12.   Entende que a proposta requerida não tem incidências financeiras;

13.   Encarrega o seu Presidente de transmitir a presente resolução e as recomendações detalhadas que figuram em anexo à Comissão e ao Conselho, bem como aos governos e aos parlamentos dos Estados-Membros.


ANEXO

RECOMENDAÇÕES DETALHADAS RELATIVAS AO CONTEÚDO DA PROPOSTA SOLICITADA

A.   PRINCÍPIOS E OBJECTIVOS DA PROPOSTA

1.   Promover o reconhecimento e execução das decisões judiciais ou administrativas relativas a pessoas que sejam objecto de medidas.

2.   Disposições que ajudem a alcançar o objectivo de realização do espaço de justiça, liberdade e segurança, facilitando o reconhecimento e execução de decisões que pronunciem uma medida de protecção, a determinação da lei aplicável e a cooperação entre autoridades centrais,

3.   Medidas específicas e adequadas de cooperação entre os Estados-Membros, que poderiam inspirar-se nos instrumentos disponíveis da Convenção de Haia.

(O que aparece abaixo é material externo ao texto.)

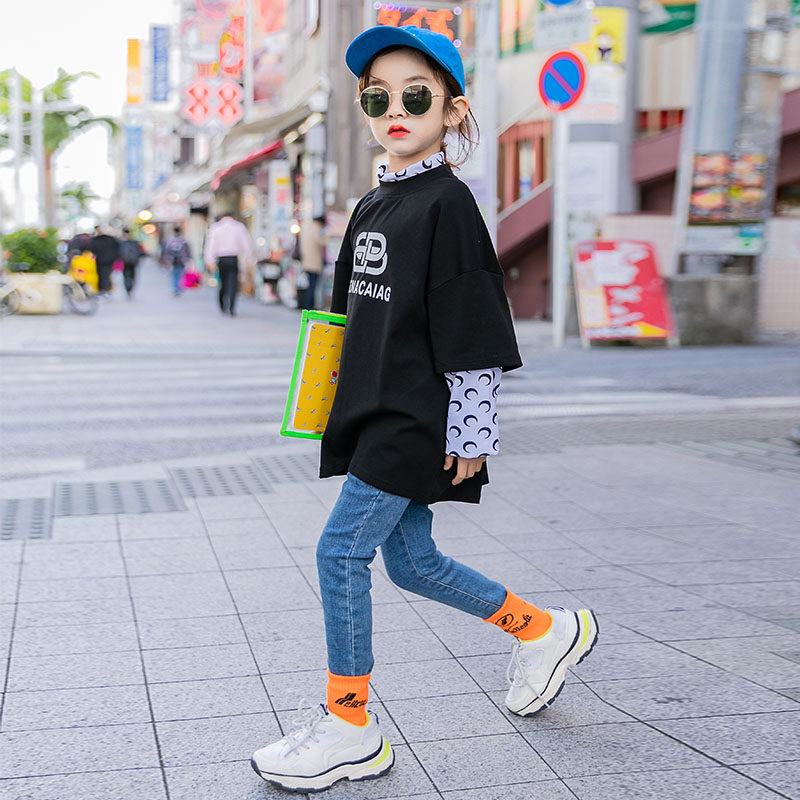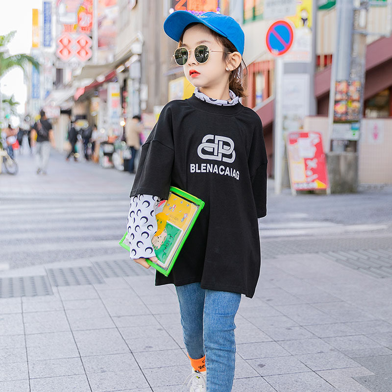 Girls T-shirts 2022 autumn new middle-aged children's Korean version of the fake two-piece long-sleeved loose bottoming shirt top trendy

4.   Formulários comunitários únicos a fim de favorecer a informação sobre as decisões de protecção, bem como a circulação, reconhecimento e execução dessas decisões,

5.   Um formulário único à escala da União Europeia no caso de mandatos de inaptidão, a fim de garantir a sua eficácia em todos os Estados-Membros.

B.   ACÇÕES A PROPOR

1.   Solicita à Comissão que, logo que tenha sido adquirida experiência suficiente sobre o funcionamento prático da Convenção de Haia, submeta ao Parlamento, com base no artigo 65.o do Tratado CE, uma proposta legislativa com o objectivo de reforçar a cooperação entre Estados-Membros, bem como melhorar o reconhecimento e a execução das decisões relativas à protecção dos maiores e dos mandatos em caso de incapacidade e de mandatos de representação duradouro.